For regional cortical SUVr values, there were no significant differences for amyloid-negative cases (frontal P = 0.15, temporal P = 0.21, parietal P = 0.42, precuneus P = 0.19, anterior cingulate P = 0.09, posterior cingulated P = 0.09, and total SUVr P = 0.21). For amyloid-positive cases, there were also no significant differences for the regional cortical SUVr values (frontal P = 0.18, temporal P = 0.33, parietal P = 0.12, precuneus P = 0.17, anterior cingulate P = 0.22, posterior cingulated P = 0.19, and total SUVr P = 0.19). The largest differences for amyloid-negative cases were for posterior and anterior cingulate ROIs. For amyloid-positive cases, the largest differences were for temporal and posterior cingulate ROIs. Frontal and especially parietal values were close for both amyloid-negative and amyloid-positive cases [Figures 6 and 7]. Temporal values were very close for amyloid-negative cases.

Regional standardized uptake value ratio values for six cortical areas were used to calculate total standardized uptake value ratio values for amyloid-negative cases. There were no statistically significant differences between regional standardized uptake value ratio values (frontal P = 0.15, temporal P = 0.21, parietal P = 0.42, precuneus P = 0.19, anterior cingulate P = 0.09, posterior cingulated P = 0.09, and total standardized uptake value ratio P = 0.21)
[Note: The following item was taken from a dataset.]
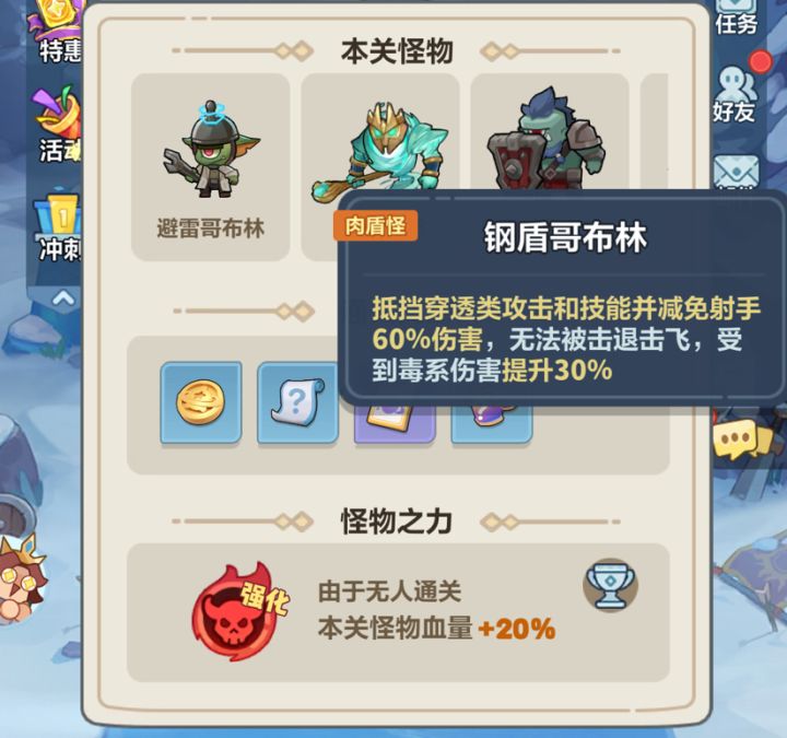 首先这个图腾能刷出的部位包括皇冠,号角,铠甲,鞋子,戒指,项链所有的6件装备,也就是如果每个部位都带一个橙色级的肉盾增伤最高可以达到192%对肉盾增伤。很多新手会问那么哪些怪属于肉盾,怎么看呢。在每一个主线关卡的主界面点开都可以看到本关的怪物种类。先说结论目前已知的包括主线,合作,城墙,公会boss,竞技场等主要模式中,肉盾怪物的占比超过了50%,也就是你只要带这个通用伤害图腾他一定有用得上的怪物也是目前通用性伤害图腾中适用场景最多的,因此对肉盾增伤在目前6个装备的图腾位中除非有特别好的选择你实在没有他的位置,那么对于普通玩家来说,带上6个肉盾增伤的图腾是一个非常稳妥且下限非常高的选择。我给予他的评级是“A”,也就是他作为一个只要你有就可以常驻的图腾的坑位是完全没有任何问题的,也是新手洗练图腾最不容易出错的属性。非常建议刚入门的玩家在每个装备中都有一个对肉盾增伤的我图腾,包括紫色 蓝色都可以。

Regional standardized uptake value ratio values for 6 cortical areas were used to calculate total standardized uptake value ratio values for amyloid-positive cases. There were no statistically significant differences between regional standardized uptake value ratio values (frontal P = 0.18, temporal P = 0.33, parietal P = 0.12, precuneus P = 0.17, anterior cingulate P = 0.22, posterior cingulated P = 0.19, and total standardized uptake value ratio P = 0.19)

Discussion

The results for all 42 cases [Figure 3] show excellent correlation between SUVr values and the Bland–Altman plot indicates very good repeatability between these two approaches. Similar results are also derived for amyloid-positive cases [Figure 4]. However, for amyloid-negative patients, the modest Spearman's rank correlation coefficient, ρ = 0.55, resulted from the limited number of cases (n = 15) and three outliners. For these three cases, PMOD SUVr values were 0.909, 0.910, and 0.915 and corresponding MIM SUVr values were 1.01, 0.86, and 0.81. These differences in SUVr values are clinically irrelevant and far below the 1.10 threshold for florbetapir ¹⁸F amyloid-positive scans.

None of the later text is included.